● **The task**
Copy, word for word, each line of the data below from the first through the line containing "The other problem", and stop there.

(Records excerpted from a collection)
◇ ◇ ◇

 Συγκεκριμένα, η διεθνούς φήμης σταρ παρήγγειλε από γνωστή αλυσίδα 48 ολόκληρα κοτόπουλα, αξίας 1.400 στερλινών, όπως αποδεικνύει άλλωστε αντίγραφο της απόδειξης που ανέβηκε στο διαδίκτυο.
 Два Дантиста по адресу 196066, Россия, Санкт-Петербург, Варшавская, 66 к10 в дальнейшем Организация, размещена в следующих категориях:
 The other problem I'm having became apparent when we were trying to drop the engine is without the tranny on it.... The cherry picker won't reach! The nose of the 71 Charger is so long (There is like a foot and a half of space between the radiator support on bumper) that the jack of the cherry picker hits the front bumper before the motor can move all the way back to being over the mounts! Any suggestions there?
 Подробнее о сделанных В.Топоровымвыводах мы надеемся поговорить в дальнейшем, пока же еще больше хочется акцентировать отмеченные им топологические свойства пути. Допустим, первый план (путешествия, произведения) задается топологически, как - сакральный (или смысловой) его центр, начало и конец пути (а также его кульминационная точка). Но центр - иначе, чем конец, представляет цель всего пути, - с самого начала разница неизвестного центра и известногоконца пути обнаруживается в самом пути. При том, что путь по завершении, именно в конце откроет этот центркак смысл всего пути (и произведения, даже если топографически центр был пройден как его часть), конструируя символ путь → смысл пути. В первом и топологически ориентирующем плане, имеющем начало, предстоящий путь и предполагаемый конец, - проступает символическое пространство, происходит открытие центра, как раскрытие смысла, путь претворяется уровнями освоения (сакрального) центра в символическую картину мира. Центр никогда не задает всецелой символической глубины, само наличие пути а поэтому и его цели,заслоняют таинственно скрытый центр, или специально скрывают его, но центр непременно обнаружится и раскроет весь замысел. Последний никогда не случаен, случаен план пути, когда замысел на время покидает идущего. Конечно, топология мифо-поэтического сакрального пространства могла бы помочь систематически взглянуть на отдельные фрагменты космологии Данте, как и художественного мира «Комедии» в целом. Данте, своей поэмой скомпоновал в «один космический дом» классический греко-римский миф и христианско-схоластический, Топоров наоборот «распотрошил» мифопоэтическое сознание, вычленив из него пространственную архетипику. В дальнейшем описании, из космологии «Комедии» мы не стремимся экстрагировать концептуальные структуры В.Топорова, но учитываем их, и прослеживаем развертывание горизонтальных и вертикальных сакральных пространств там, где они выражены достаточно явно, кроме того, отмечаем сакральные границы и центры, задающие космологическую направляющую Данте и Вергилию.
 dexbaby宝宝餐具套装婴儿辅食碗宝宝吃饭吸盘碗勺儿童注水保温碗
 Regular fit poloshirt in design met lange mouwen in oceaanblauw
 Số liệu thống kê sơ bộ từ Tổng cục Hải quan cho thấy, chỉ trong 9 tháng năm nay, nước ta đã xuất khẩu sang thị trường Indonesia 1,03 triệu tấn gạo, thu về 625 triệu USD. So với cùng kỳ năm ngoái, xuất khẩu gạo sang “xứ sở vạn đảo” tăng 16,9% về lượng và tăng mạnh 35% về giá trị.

◇ ◇ ◇

● **Solution**
 Συγκεκριμένα, η διεθνούς φήμης σταρ παρήγγειλε από γνωστή αλυσίδα 48 ολόκληρα κοτόπουλα, αξίας 1.400 στερλινών, όπως αποδεικνύει άλλωστε αντίγραφο της απόδειξης που ανέβηκε στο διαδίκτυο.
 Два Дантиста по адресу 196066, Россия, Санкт-Петербург, Варшавская, 66 к10 в дальнейшем Организация, размещена в следующих категориях:
 The other problem I'm having became apparent when we were trying to drop the engine is without the tranny on it.... The cherry picker won't reach! The nose of the 71 Charger is so long (There is like a foot and a half of space between the radiator support on bumper) that the jack of the cherry picker hits the front bumper before the motor can move all the way back to being over the mounts! Any suggestions there?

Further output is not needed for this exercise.